LEAVES MOTIONLESS.
§ 1. It will be remembered that our final inquiry was to be into the sources of beauty in the tented plants, or flowers of the field; which the reader may perhaps suppose one of no great difficulty, the beauty of flowers being somewhat generally admitted and comprehended.
Admitted? yes. Comprehended? no; and, which is worse, in all its highest characters, for many a day yet, incomprehensible: though with a little steady application, I suppose we might soon know more than we do now about the colors of flowers,—being tangible enough, and staying longer than those of clouds. We have discovered something definite about colors of opal and of peacock’s plume; perhaps, also, in due time we may give some account of that true gold (the only gold of intrinsic value) which gilds buttercups; and understand how the spots are laid, in painting a pansy.
Art is of interest, when we may win any of its secrets; but to such knowledge the road lies not up brick streets. And howsoever that flower-painting may be done, one thing is certain, it is not by machinery.
§ 2. Perhaps, it may be thought, if we understood flowers better, we might love them less.
We do not love them much, as it is. Few people care about flowers. Many, indeed, are fond of finding a new shape of blossom, caring for it as a child cares about a kaleidoscope. Many, also, like a fair service of flowers in the greenhouse, as a fair service of plate on the table. Many are scientifically interested in them, though even these in the nomenclature rather than the flowers. And a few enjoy their gardens; but I have never heard of a piece of land, which would let well on a building lease, remaining unlet because it was a flowery piece. I have never heard of parks being kept for wild hyacinths, though often of their being kept for wild beasts. And the blossoming time of the year being principally spring, I perceive it to be the mind of most people, during that period, to stay in towns.
§ 3. A year or two ago, a keen-sighted and eccentrically-minded friend of mine, having taken it into his head to violate this national custom, and go to the Tyrol in spring, was passing through a valley near Landech, with several similarly headstrong companions. A strange mountain appeared in the distance, belted about its breast with a zone of blue, like our English Queen. Was it a blue cloud? A blue horizontal bar of the air that Titian breathed in youth, seen now far away, which mortal might never breathe again? Was it a mirage—a meteor? Would it stay to be approached? (ten miles of winding road yet between them and the foot of its mountain.) Such questioning had they concerning it. My keen-sighted friend alone maintained it to be substantial: whatever it might be, it was not air, and would not vanish. The ten miles of road were overpassed, the carriage left, the mountain climbed. It stayed patiently, expanding still into richer breadth and heavenlier glow—a belt of gentians. Such things may verily be seen among the Alps in spring, and in spring only. Which being so, I observe most people prefer going in autumn.
§ 4. Nevertheless, without any special affection for them, most of us, at least, languidly consent to the beauty of flowers, and occasionally gather them, and prefer them from among other forms of vegetation. This, strange to say, is precisely what great painters do not.
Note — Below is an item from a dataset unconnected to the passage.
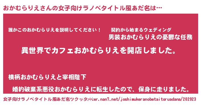 | 胡散臭い通販商品みたいなあだ名 | 『前代未聞の健康食品…その名も「おかむらりえ」』 |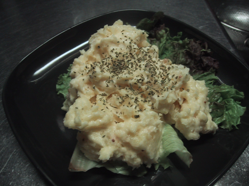 マヨネーズにすりおろしたにんにくと粒マスタードを加えて風味と辛みをきかせてます。マスタードはインド料理でもよく使われるスパイス、古くは薬としても使われてたくらい体にいいものです。ポテサラ感覚でビールとの相性もバツグンです。

Every other kind of object they paint, in its due place and office, with respect;—but, except compulsorily and imperfectly, never flowers. A curious fact, this! Here are men whose lives are spent in the study of color, and the one thing they will not paint is a flower! Anything but that. A furred mantle, a jewelled zone, a silken gown, a brazen corslet, nay, an old leathern chair, or a wall-paper if you will, with utmost care and delight;—but a flower by no manner of means, if avoidable. When the thing has perforce to be done, the great painters of course do it rightly. Titian, in his early work, sometimes carries a blossom or two out with affection, as the columbines in our Bacchus and Ariadne. So also Holbein. But in his later and mightier work, Titian will only paint a fan or a wristband intensely, never a flower. In his portrait of Lavinia, at Berlin, the roses are just touched finely enough to fill their place, with no affection whatever, and with the most subdued red possible; while in the later portrait of her, at Dresden, there are no roses at all, but a belt of chased golden balls, on every stud of which Titian has concentrated his strength, and I verily believe forgot the face a little, so much has his mind been set on them.
§ 5. In Paul Veronese’s Europa, at Dresden, the entire foreground is covered with flowers, but they are executed with sharp and crude touches like those of a decorative painter. In Correggio’s paintings, at Dresden, and in the Antiope of the Louvre, there are lovely pieces of foliage, but no flowers. A large garland of oranges and lemons, with their leaves, above the St. George, at Dresden, is connected traditionally with the garlanded backgrounds of Ghirlandajo and Mantegna, but the studious absence of flowers renders it almost disagreeably ponderous. I do not remember any painted by Velasquez, or by Tintoret, except compulsory Annunciation lilies. The flowers of Rubens are gross and rude; those of Vandyck vague, slight, and subdued in color, so as not to contend with the flesh. In his portraits of King Charles’s children, at Turin, an enchanting picture, there is a rose-thicket, in which the roses seem to be enchanted the wrong way, for their leaves are all gray, and the flowers dull brick-red. Yet it is right.